Executive Director, Wellness Council of West Virginia
by Dawn Nolan
WHEN SHARON COVERT was a little girl, she had big dreams for her future. “I wanted to be a teacher or an attorney—or to rule the world.” Although her aspirations of world domination didn’t pan out the way she planned (she blames lack of military support), Covert is still a leader—of both a state and national organization. She is the executive director for the Wellness Council of West Virginia, where she works with a variety of companies and organizations to implement wellness initiatives and worksite wellness programs, and she serves as the president of the National Network of Wellness Councils.
Covert says she changed her mind about teaching because of her father. “My father taught for over 30 years. He told me if I majored in education, he would not even give me gas money.” She received her bachelor’s degree in English at Marshall University and then took another direction when she completed her master’s in exercise physiology. Despite the change, she didn’t quite shake the teaching bug. Her first job was at the Rehab Center in Institute where she worked in the deaf unit as a teaching assistant.
Mentors for Covert came in the form of her parents. She credits them as being the voices in her head when she is need of guidance and has spread their words of wisdom to her children. “My mother told me things like, ‘When you die, the only things that matter are who you loved, who loved you and what you did for God.’ My dad’s advice was more along the lines of ‘Show me a good loser and I’ll show you someone who is good at losing’ or ‘Babe, when you’re a hammer, everything looks like a nail.’”
The motivation that keeps Covert going every day is the chance to be an example to those around her. “I don’t want my kids to see me stop. I cannot in good conscience take them to football practice or wrestling practice and tell them to try harder, do their best, don’t give up—then turn around and watch them while sitting on my can in the stands,” she says. “I can’t ask them to bring home their best work from school if I’m just giving a half effort. They may be able to say a lot of things about their mother, but they will never be able to say she asked us to do things she was not willing to do. That’s true with my co-workers, too. No one gets held to a standard that I am not trying to reach myself.”
In her hometown of Winfield, Covert takes the commitment to public service that she practices every day and applies it to her community. She has served as fundraising coordinator, football coordinator and president of Winfield’s Midget Football League, and she assisted in re-instating the organization’s lapsed non-profit status. Covert has also acted as president of the Putnam County Kiwanis, where she worked with the Putnam County Board of Education on the Pre-K Planning Committee. In addition, she has served on the review team and allocations committee for the United Way of Kanawha Valley and is a member of the Kanawha Valley Chapter of the Daughters of the American Revolution.

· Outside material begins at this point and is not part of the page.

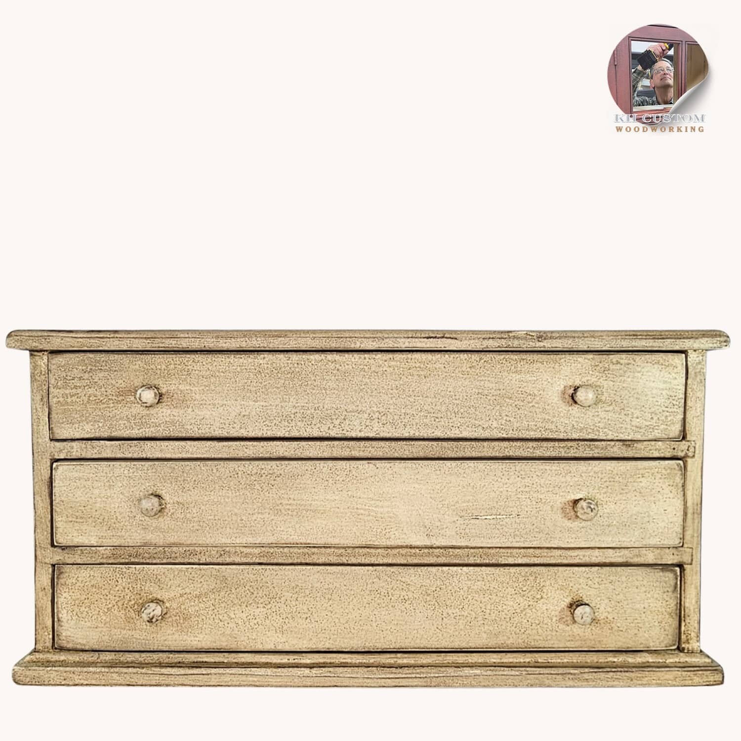 Primitive Three Drawer Box is great for jewelry and other small items. Distressed finish is Cotton White. Made in the USA.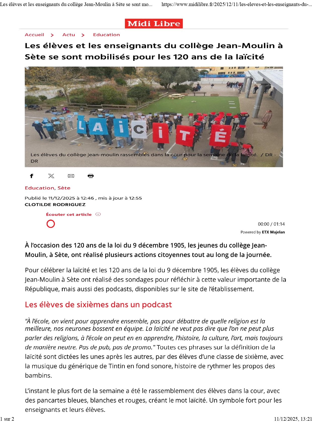 Pour célébrer les 120 ans de la loi du 9 décembre 1905, le collège Jean Moulin a mobilisé élèves et enseignants autour de plusieurs actions citoyennes.

Although she has lived in Virginia and North Carolina, Covert calls West Virginia her home. She supports the importance of coal and is proud to live in a state that appreciates and supports the armed forces. “This state still values the military and appreciates our armed forces. My brother is career Army and on his third tour in the Middle East. My father was a captain in the Army and Army Reserves. My grandfather served on the U.S. Arizona prior to WWII. I can trace my mother’s family back to service in the American Revolutionary War. I don’t think I could stand living somewhere that did not value that kind of service.”